跆拳道的錦標賽預賽正式落下帷幕,京極真順利進入第二天的半決賽,對此望月彌生並不意外。道了句“恭喜”後,也表明自己明天會準時到場,隨即繼續調查有關於裏希的情報。

明明感覺沒過多久,毛利蘭忽然打了個電話過來,急切地說著鈴木園子出了車禍。聽到這個消息時,望月彌生還有些不可思議,剛才還興高采烈地告訴她京極真入半決賽的人,怎麽就突然出車禍了呢?

不應該啊,她明明已經叮囑過不要讓鈴木園子獨自一人的。

“快到晚飯飯點的時候,園子問我要不要跟她和京極先生一起去吃,因為新一要留下來做安保工作,我和亞瑟就留下來陪他了。新一昨天跟我提過,你說不要讓園子一個人待著,我以為——我以為有京極先生在,她無論如何也不會出什麽事的,結果···”

望月彌生有些惱,但這並不針對毛利蘭,而是針對傷害了鈴木園子的罪魁禍首。她壓下心底的氣憤,輕輕拍著毛利蘭的後背,輕聲細語地安撫她,讓她不要自責。

一旁坐著椅子上的京極真低垂著腦袋,雙手交握,用力到手上的青筋也能瞧見。

望月彌生瞥了眼他的狀態,也是無可奈何:這可是正中下懷了啊···

“彌生姐姐,來一下。”江戶川柯南壓下聲,拽了幾下她的衣服。

毛利蘭擦了擦眼淚,拍拍她的手,示意望月彌生快過去。女孩點點頭,松開她,跟上走到另一邊的江戶川柯南,蹲下來看他:“怎麽了?”

“基德被人暗算了。”

望月彌生正想說我知道,只聽見男孩又道:“瑞吉爾小姐的屍體被發現在地下金庫,警方認為基德是殺害了瑞吉爾小姐的兇手,現在正全國通緝他。”

“如果我沒猜錯的話···他受傷了。”

這可不在她的計劃之內。望月彌生想。

她假裝不經意地擡頭,目光在那個位於不遠處正彎腰拖地的身影上一掃,然後相當自然地收回視線。

“嗯,我知道了。”

從包裏掏了掏,記錄了有關裏希的情報被望月彌生塞進男孩的懷裏。

希望那個家夥還知道要及時處理。

***

鈴木園子被警車撞倒,出了車禍,不過送入醫院及時,除了額頭和腿以外沒有什麽大礙。等清醒後做一下檢查,確定沒有腦震蕩後就可以出院休息。

雖然小彌生擔心的事還是發生了,但索性傷得不重,應該沒什麽影響。

悄悄看了眼正跟江戶川柯南不知道說些什麽的望月彌生,想了想,黑羽快鬥還是沒有假裝清潔工靠過去打聽兩人的對話。如果是跟這次事件有關的事,那麽小偵探會轉告他的。
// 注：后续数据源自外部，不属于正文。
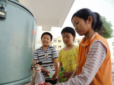 19日郧县刘洞镇九年一贯制学校的学生们正在打开水。针对近期干热的天气,郧县教育局要求各学校全天候为学生提供开水,防学生喝冷水拉肚子,防学生“上火”诱发防腮腺炎、水痘等传染性疾病。(高超 摄)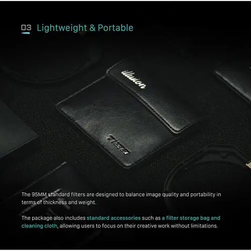 This 1-stop, 95mm Illusion Full-Spectrum ND Filter from Tilta is a waterproof, oil-resistant, and scratch-resistant nano-coated filter designed for the circular 95mm standard of the Tilta Mirage matte box. As a full-spectrum ND filter, it evenly reduces all wavelengths of light, including visible, ultraviolet, and infrared light. The filter is built to uniformly reduce the levels in the light spectrum without significantly affecting the color. The overall spectral curve remains consistent, and light intensity for various colors is proportionally diminished and does not result in color bias.

黑羽快鬥壓低頭上的鴨舌帽,在得到自己想要的消息後慢慢後退,帶著拖把退回樓梯間,想把東西放回樓下的工具間,後背卻忽然被人用手抵住,阻止了他的動作。

“!”

誰?!

少年心下一驚,不禁捏緊了拖把的柄桿,腦海裏迅速盤算著解決方案。

本來這一層就沒什麽人,略暗的樓道加上醫院的氛圍,更顯得此刻詭異陰森。正當黑羽快鬥思索應該找什麽理由離開時,身後那人終於開口:“左邊傷到了?”

“···小彌生?”

她又重覆:“左肩受傷了?”

“不···”

“你是不知道自己拖地的時候姿勢有多別扭嗎?”

被戳穿的黑羽快鬥沒有吭聲,算是默認了。

“我酒店房間有急救包。”望月彌生放下手,看著轉過身面對著自己的黑羽快鬥,繼續說道,“去不去的選擇權在你手裏,拒絕的話我也可以借口說幫園子拿——”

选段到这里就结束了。